Task =>
Lower down are entries containing pictures. Copy exactly, without those pictures, the lines from the line with "准备一个土豆切块,腌好的五花" through the line with "Panel A Energy".

╭─ Available data

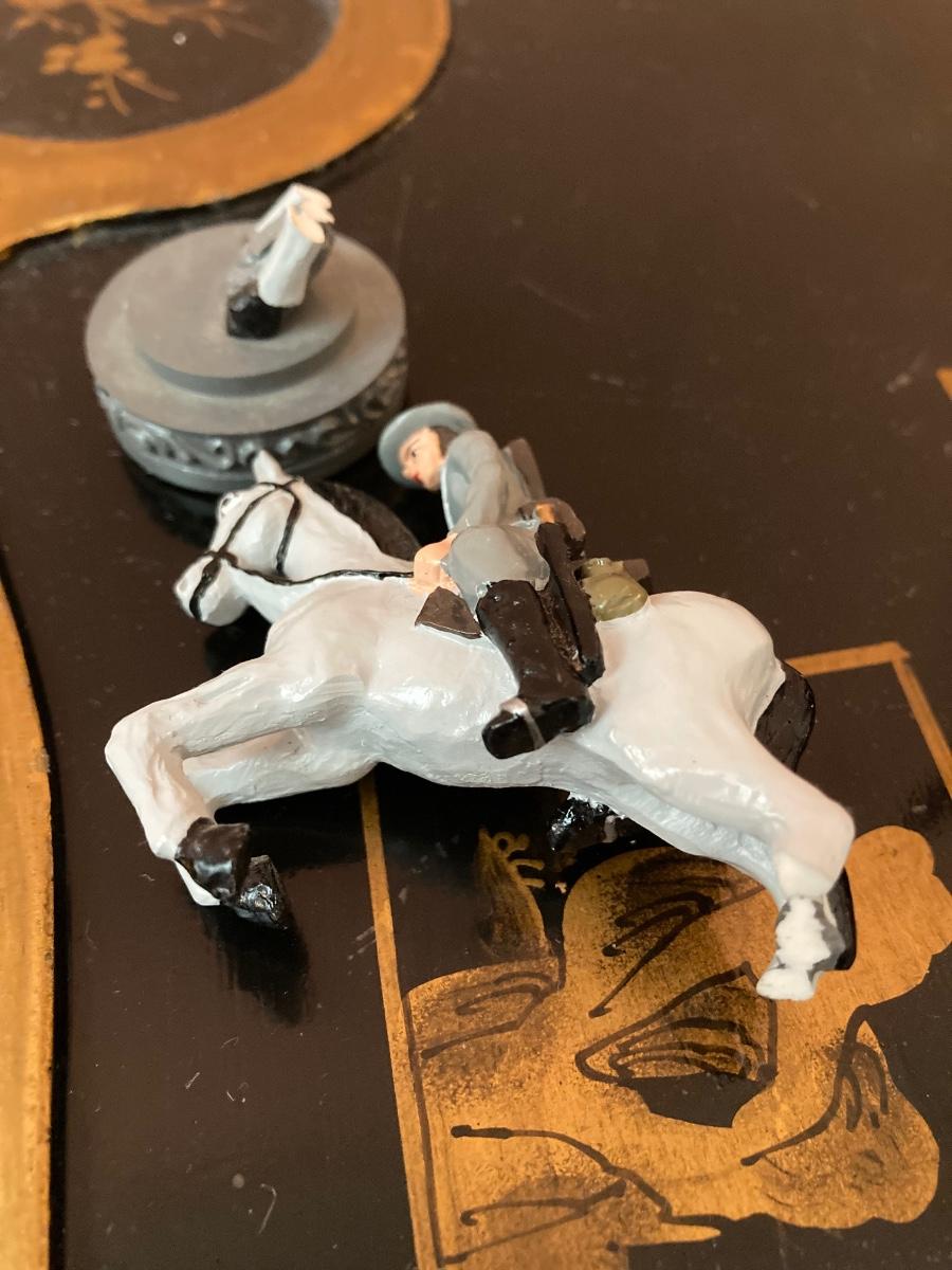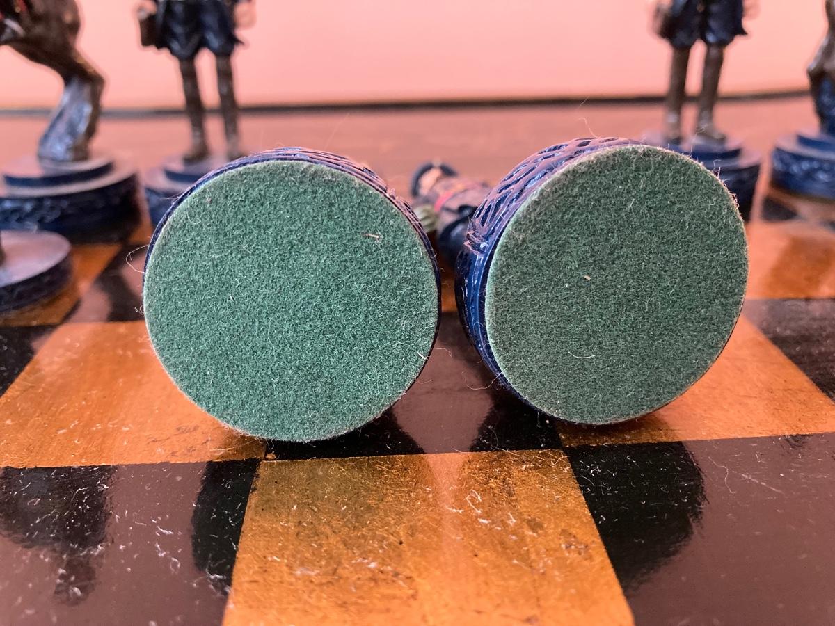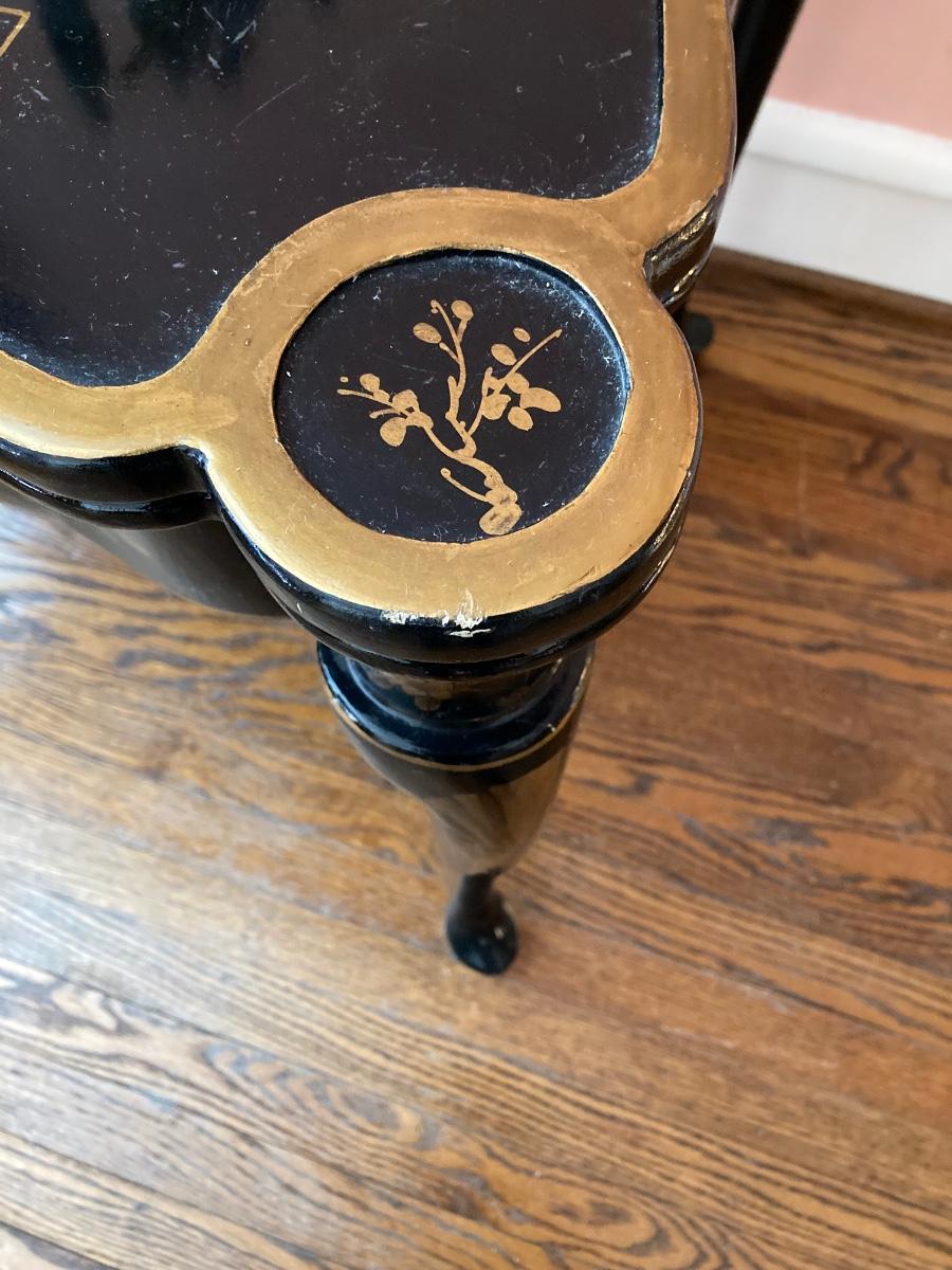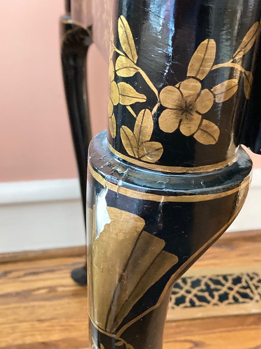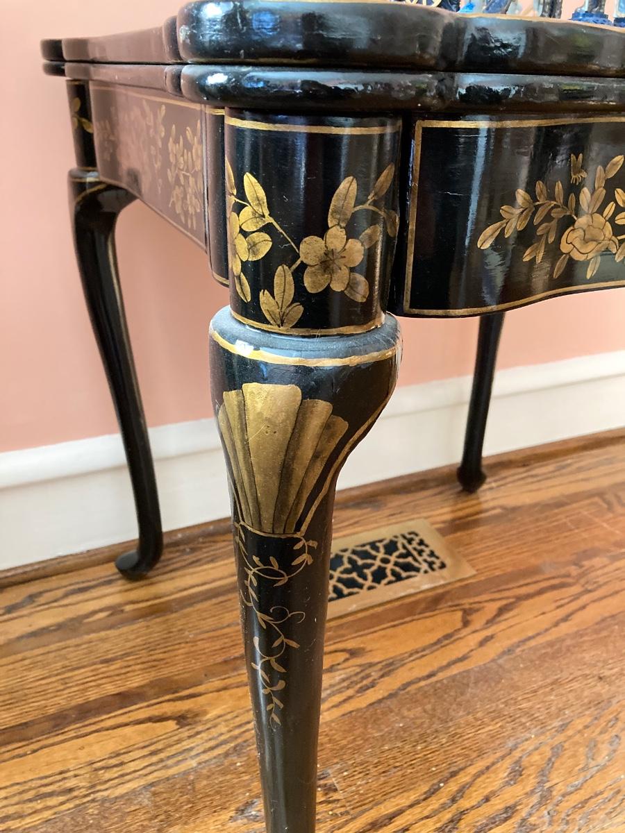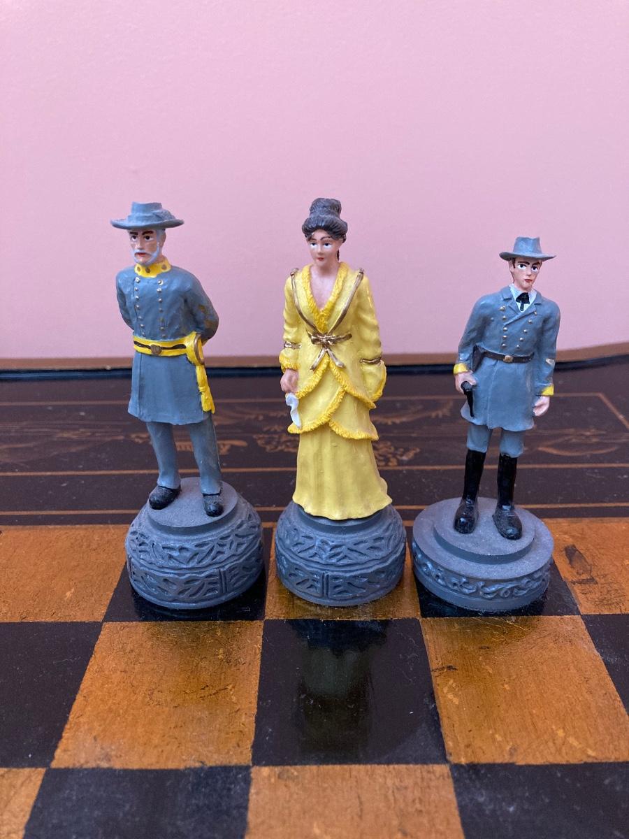 LOT 55: Hand Painted Black Lacquer Cabriole Chess Table with Civil War Chess Pieces
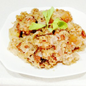 准备一个土豆切块,腌好的五花肉放入适量的粉拌匀,我用的是五香蒸肉粉,如果搅拌时太干,可以加一点点冷开水。
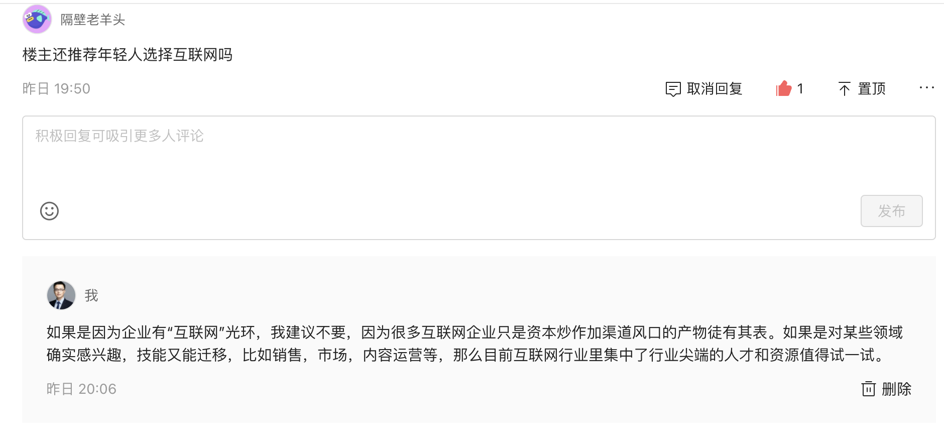 在我上一篇文章讲35岁互联网人行不行的杂文下面,有读者朋友给我留言问年轻人到底还要不要追求互联网。 我的回答是为了光环不值得,冲着行业资源、兴趣和技能培养可以试一试。这里面技能不仅是某个领域的技能储备和经验积累,也是工作习惯的养成,工作方法的积累,以及要加深对工作本质的思考。
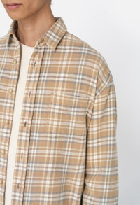 This classic Hemi Shirt has a relaxed fit with a raw hem, button placket, chest pocket, barrel cuffs, and a point collar. Designed in custom-woven "Aspen Check," each piece goes through a proprietary wash process and hand-brushed finish. The result is supremely soft fabrication with a uniquely faded, vintage appearance. Made in Japan. 100% Cotton. FABRIC & FIT Fits true to size, take your normal size.Model is 6'2" 160 lbs and wears a size 2 / Medium. CARE GUIDE Machine Wash Cold, Wash With Like Colors, Do Not Bleach, Do Not Iron, Do Not Tumble Dry.
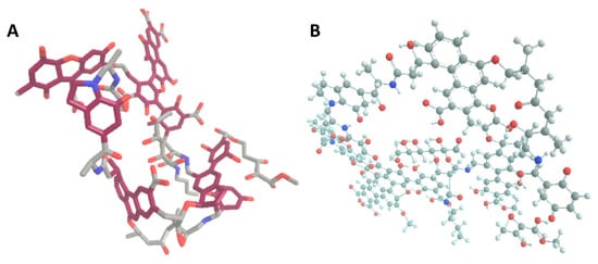 Panel A Energy optimized molecular structure of a small, characteristic part of humic substances (HSs). The optimal 3D structure was calculated by energy minimization of the molecule. This graphic contains typical structural elements and bonds of natural HS that randomly build up their molecular structure, based on NMR and IR studies [7]. Panel B: Atom model of the possible structure of a humic acid monomer. Grey, carbon; white, hydrogen; blue, nitrogen; red, oxygen atoms. Claret colour discerns the carbon atoms belonging to the characteristic polyphenolic aromatic rings (Graphics and energy optimization calculation was created using ChemDraw Ultra and Chem3D software).
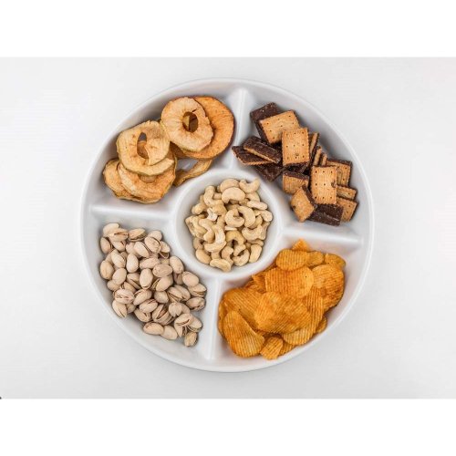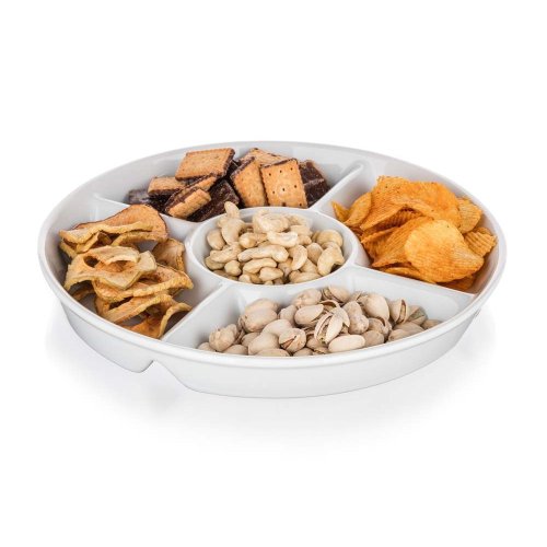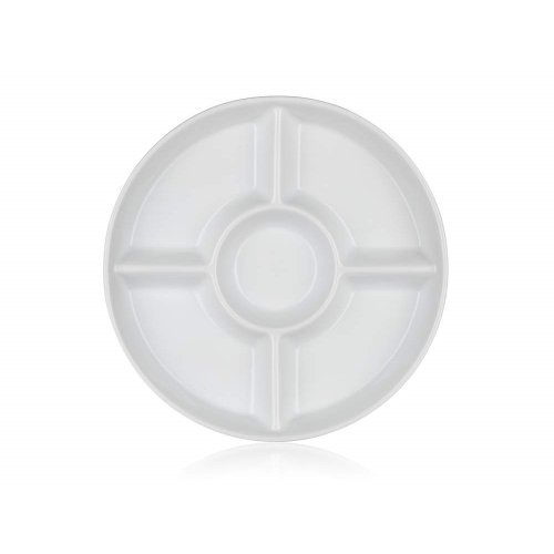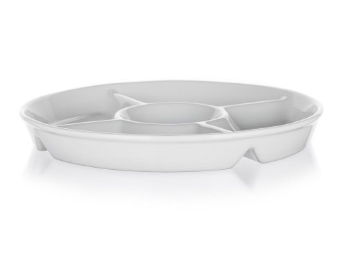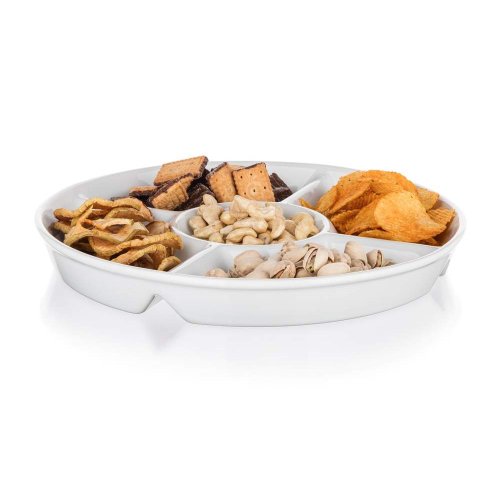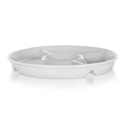 • Kulatá dělená servírovací porcelánová miska BIANCA v bílé barvě, je vhodná pro servírování různých dipů, oříšků, chipsů, ovoce či zeleniny

╰─

Solution to the problem =>
 准备一个土豆切块,腌好的五花肉放入适量的粉拌匀,我用的是五香蒸肉粉,如果搅拌时太干,可以加一点点冷开水。
 在我上一篇文章讲35岁互联网人行不行的杂文下面,有读者朋友给我留言问年轻人到底还要不要追求互联网。 我的回答是为了光环不值得,冲着行业资源、兴趣和技能培养可以试一试。这里面技能不仅是某个领域的技能储备和经验积累,也是工作习惯的养成,工作方法的积累,以及要加深对工作本质的思考。
 This classic Hemi Shirt has a relaxed fit with a raw hem, button placket, chest pocket, barrel cuffs, and a point collar. Designed in custom-woven "Aspen Check," each piece goes through a proprietary wash process and hand-brushed finish. The result is supremely soft fabrication with a uniquely faded, vintage appearance. Made in Japan. 100% Cotton. FABRIC & FIT Fits true to size, take your normal size.Model is 6'2" 160 lbs and wears a size 2 / Medium. CARE GUIDE Machine Wash Cold, Wash With Like Colors, Do Not Bleach, Do Not Iron, Do Not Tumble Dry.
 Panel A Energy optimized molecular structure of a small, characteristic part of humic substances (HSs). The optimal 3D structure was calculated by energy minimization of the molecule. This graphic contains typical structural elements and bonds of natural HS that randomly build up their molecular structure, based on NMR and IR studies [7]. Panel B: Atom model of the possible structure of a humic acid monomer. Grey, carbon; white, hydrogen; blue, nitrogen; red, oxygen atoms. Claret colour discerns the carbon atoms belonging to the characteristic polyphenolic aromatic rings (Graphics and energy optimization calculation was created using ChemDraw Ultra and Chem3D software).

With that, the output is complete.